--- PROMPT ---
Please copy exactly the part of the records below that opens with the line containing "Dva glineni ročno" and closes with the line containing "Одно из величайших", leaving out any pictures.

** PROVIDED RECORDS follows **

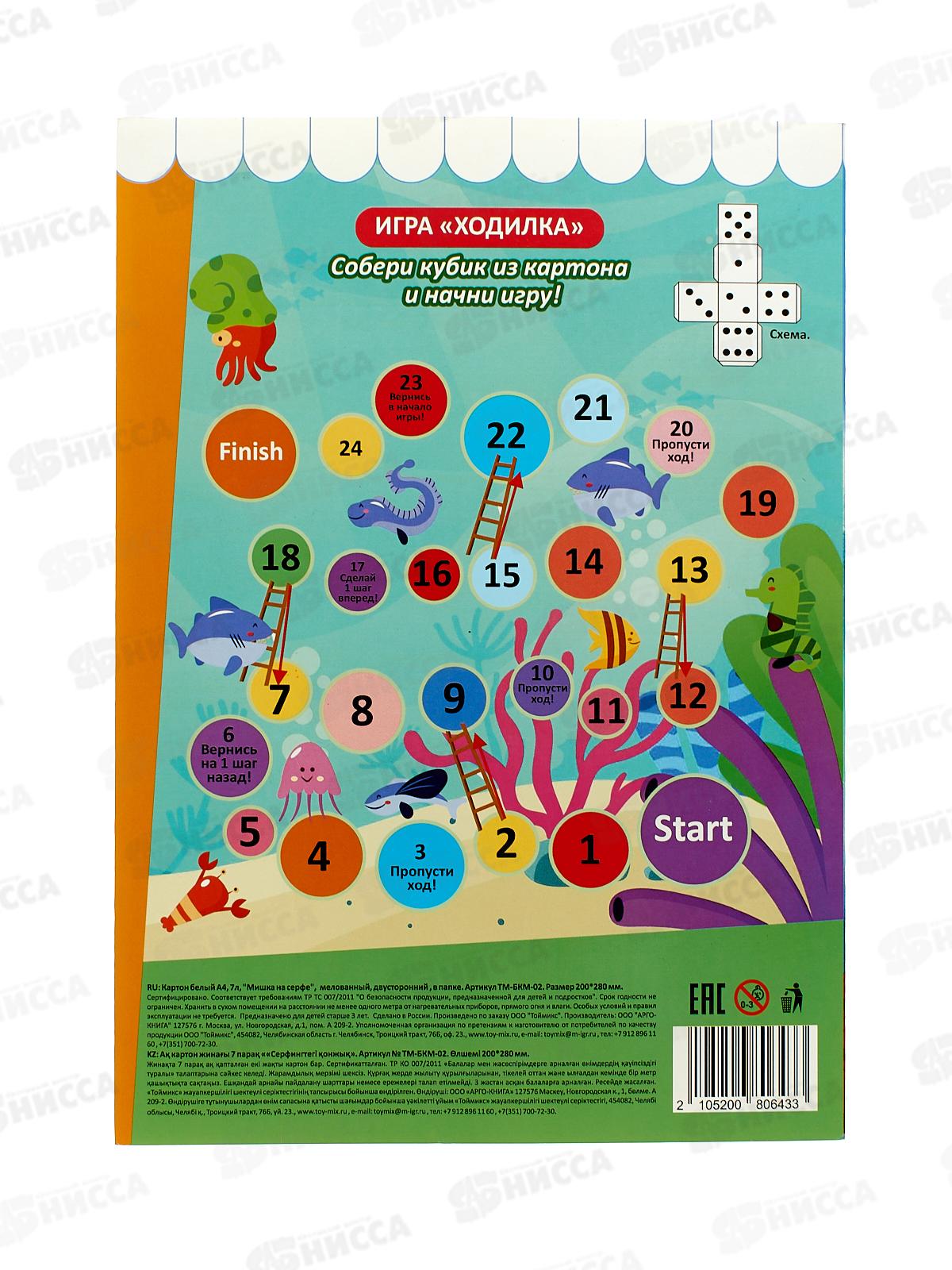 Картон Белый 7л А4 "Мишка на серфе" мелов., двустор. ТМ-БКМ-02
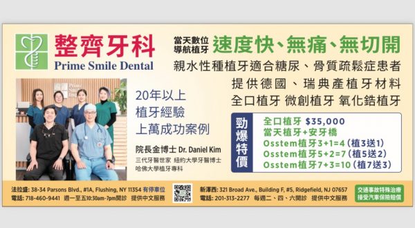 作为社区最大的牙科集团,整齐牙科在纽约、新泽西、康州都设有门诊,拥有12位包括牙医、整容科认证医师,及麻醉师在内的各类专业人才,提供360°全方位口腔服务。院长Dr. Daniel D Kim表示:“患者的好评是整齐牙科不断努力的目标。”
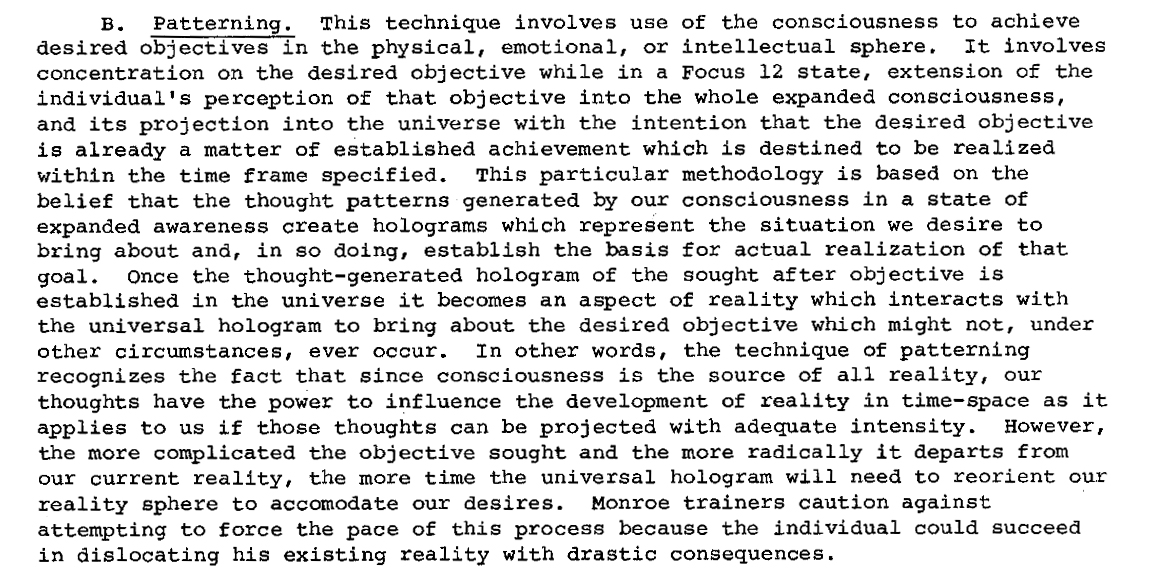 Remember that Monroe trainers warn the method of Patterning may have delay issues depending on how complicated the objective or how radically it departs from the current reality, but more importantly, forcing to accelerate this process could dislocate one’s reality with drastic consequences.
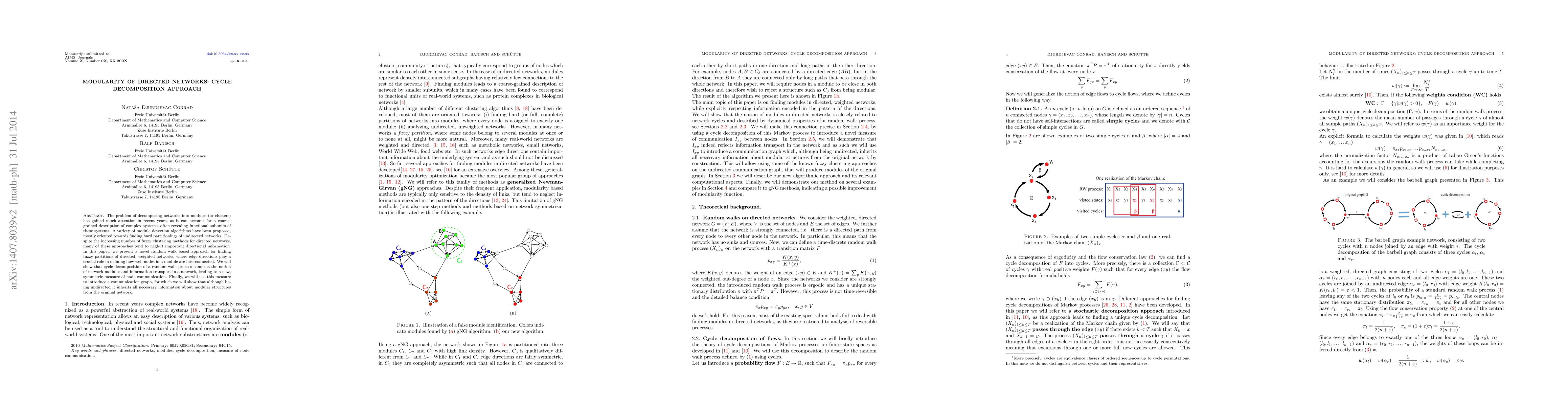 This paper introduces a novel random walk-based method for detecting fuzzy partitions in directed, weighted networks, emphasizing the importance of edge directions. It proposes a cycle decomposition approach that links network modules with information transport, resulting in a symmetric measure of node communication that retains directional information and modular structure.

** End of PROVIDED RECORDS **
** PROVIDED RECORDS follows **

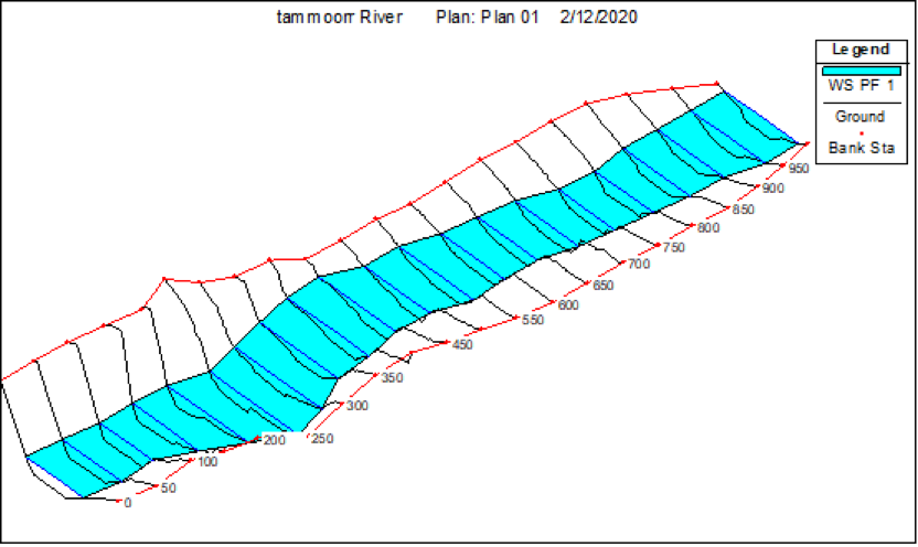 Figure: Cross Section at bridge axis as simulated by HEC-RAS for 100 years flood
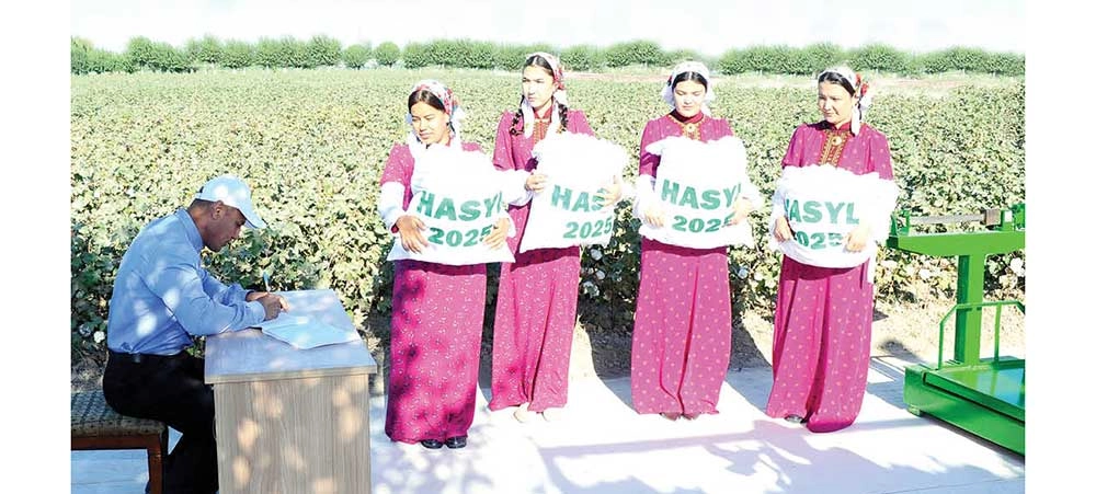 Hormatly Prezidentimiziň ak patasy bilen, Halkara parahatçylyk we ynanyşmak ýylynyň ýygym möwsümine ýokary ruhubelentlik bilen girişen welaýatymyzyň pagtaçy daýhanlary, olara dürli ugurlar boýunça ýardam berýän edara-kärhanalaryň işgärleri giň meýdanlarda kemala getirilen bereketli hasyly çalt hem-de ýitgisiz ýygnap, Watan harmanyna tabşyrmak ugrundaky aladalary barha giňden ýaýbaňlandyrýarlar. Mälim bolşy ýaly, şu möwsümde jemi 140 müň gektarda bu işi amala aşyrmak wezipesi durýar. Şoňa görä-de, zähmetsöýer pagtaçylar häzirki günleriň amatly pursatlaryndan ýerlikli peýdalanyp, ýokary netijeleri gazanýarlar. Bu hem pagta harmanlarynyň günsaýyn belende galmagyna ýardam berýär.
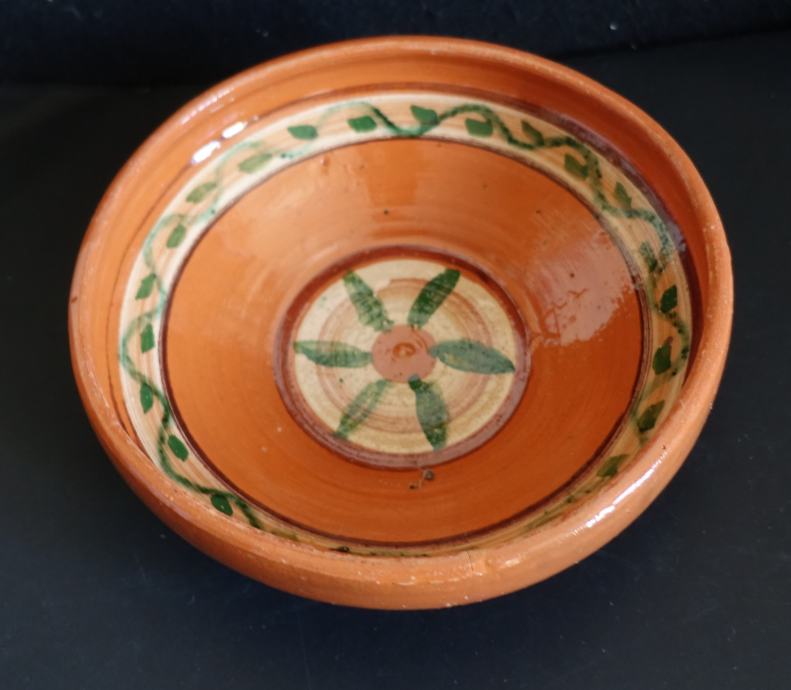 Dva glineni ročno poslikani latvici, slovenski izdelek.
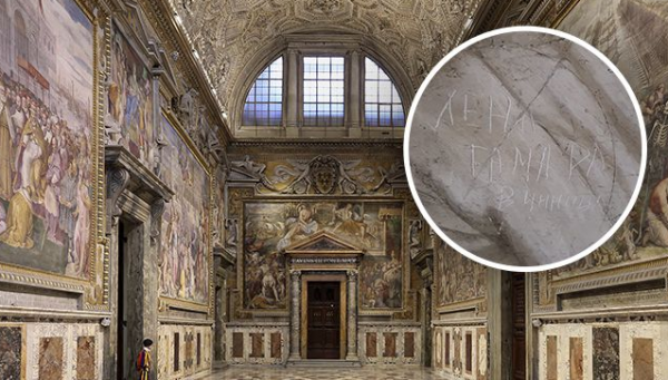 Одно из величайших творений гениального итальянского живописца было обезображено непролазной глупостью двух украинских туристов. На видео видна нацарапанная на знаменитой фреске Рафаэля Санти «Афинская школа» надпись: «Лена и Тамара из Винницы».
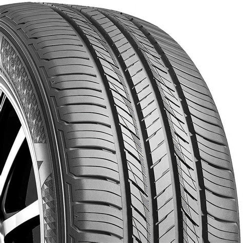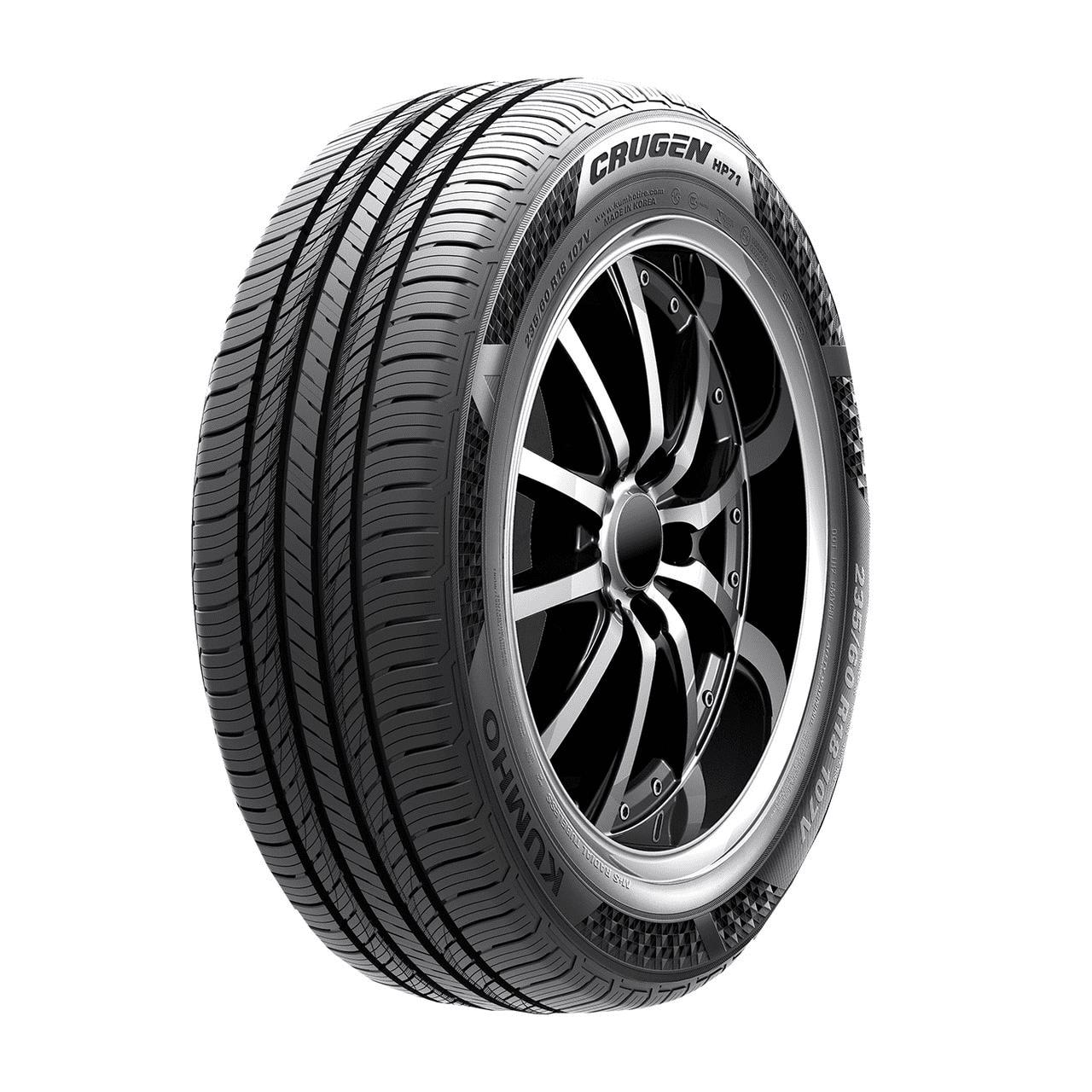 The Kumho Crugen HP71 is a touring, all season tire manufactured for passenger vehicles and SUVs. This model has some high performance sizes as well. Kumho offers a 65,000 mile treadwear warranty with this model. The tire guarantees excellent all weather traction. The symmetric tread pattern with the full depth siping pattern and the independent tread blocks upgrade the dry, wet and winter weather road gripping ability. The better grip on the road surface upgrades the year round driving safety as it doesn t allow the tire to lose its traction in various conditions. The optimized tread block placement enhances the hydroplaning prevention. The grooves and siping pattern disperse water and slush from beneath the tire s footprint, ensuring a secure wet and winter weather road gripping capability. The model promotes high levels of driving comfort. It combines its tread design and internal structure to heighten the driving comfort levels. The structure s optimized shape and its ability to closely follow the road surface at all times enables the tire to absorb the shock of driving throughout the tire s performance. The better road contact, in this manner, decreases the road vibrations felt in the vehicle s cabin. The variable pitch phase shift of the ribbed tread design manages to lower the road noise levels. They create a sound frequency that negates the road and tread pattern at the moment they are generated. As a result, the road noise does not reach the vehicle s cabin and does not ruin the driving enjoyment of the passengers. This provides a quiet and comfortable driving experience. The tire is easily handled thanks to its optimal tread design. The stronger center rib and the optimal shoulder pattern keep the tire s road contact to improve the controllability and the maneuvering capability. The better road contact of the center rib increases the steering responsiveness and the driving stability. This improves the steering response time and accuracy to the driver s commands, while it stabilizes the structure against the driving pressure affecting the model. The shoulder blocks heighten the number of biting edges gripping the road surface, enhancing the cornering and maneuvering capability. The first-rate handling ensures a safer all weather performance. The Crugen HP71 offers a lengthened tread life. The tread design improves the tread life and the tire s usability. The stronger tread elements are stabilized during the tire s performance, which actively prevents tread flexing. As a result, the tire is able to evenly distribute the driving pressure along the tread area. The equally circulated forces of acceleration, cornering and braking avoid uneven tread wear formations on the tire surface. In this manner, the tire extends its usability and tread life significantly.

** End of PROVIDED RECORDS **

--- COMPLETED TASK ---
 Dva glineni ročno poslikani latvici, slovenski izdelek.
 Одно из величайших творений гениального итальянского живописца было обезображено непролазной глупостью двух украинских туристов. На видео видна нацарапанная на знаменитой фреске Рафаэля Санти «Афинская школа» надпись: «Лена и Тамара из Винницы».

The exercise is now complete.